For lots of shared services, it can pay off to bundle them together in a Context object. (I just again read about this a couple weeks ago but didn’t bookmark it, so pointers would be welcome in the comments!)

class SceneContext {
    let someRandomService = SomeRandomService()
    // ... more services ...
    // ... and also:
    var sharedState: Int = 4
}

let context = SceneContext()
let first = First(context: context)
let second = Second(context: context)
let third = Third(context: context)
let fourth = Fourth(context: context)

The shared state in the context might be interesting to all scenes – so it could make sense to add an init(context: SceneContext) requirement to a protocol implemented by all scenes here. Or maybe not.

Instead of a reference type context with implicitly mutable state, you might also want to explore options to use value type contexts and pass on a changed context copy to the next scene.

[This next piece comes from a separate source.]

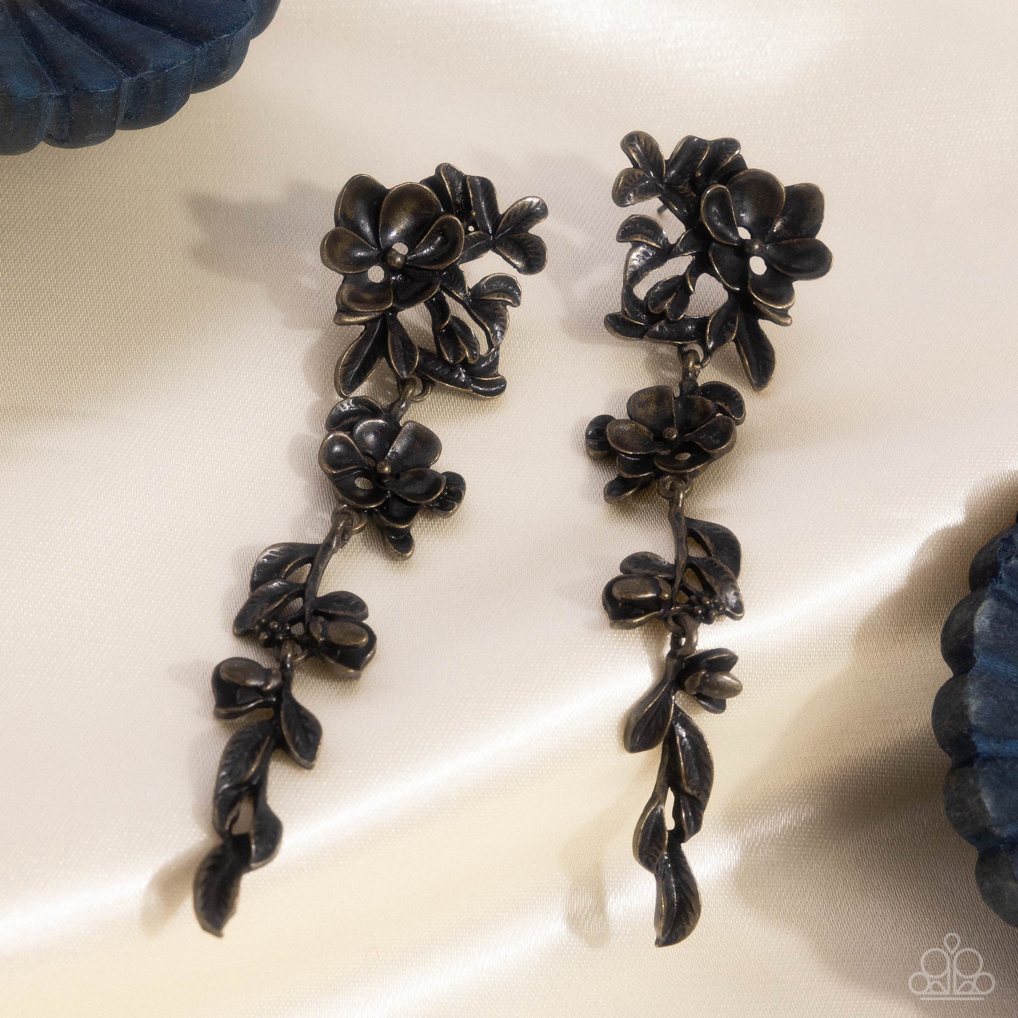Dipped in an antiqued brass shade, a bouquet of various brass flowers and leaves collect at the ear, slowly cascading below the ear in solitaire floral collections that interlock and elongate the neckline for a whimsical design. Earring attaches to a standard post fitting.

Either way though, there’s a shared context that was not explicit before, but now is.

Service Locator Pattern and Dependency Injection Bad?

No!

Not bad. It’s just not the tool I’d use for a job like this.

But things can and do get much worse sometimes, and then constructor injection might not work out as well anymore. And you’re under pressure. And it’s a start-up that needs an app quick. Then a shared repository of services that essentially hides global variables isn’t the worst approach.

Rehashing the reasons why I reach for some tools and not others was a valuable exercise for me tha I wanted to share. I don’t believe there’s anything wrong with the Resolver package or Manuel’s example per se. Just be aware there’s other solutions you could reach for.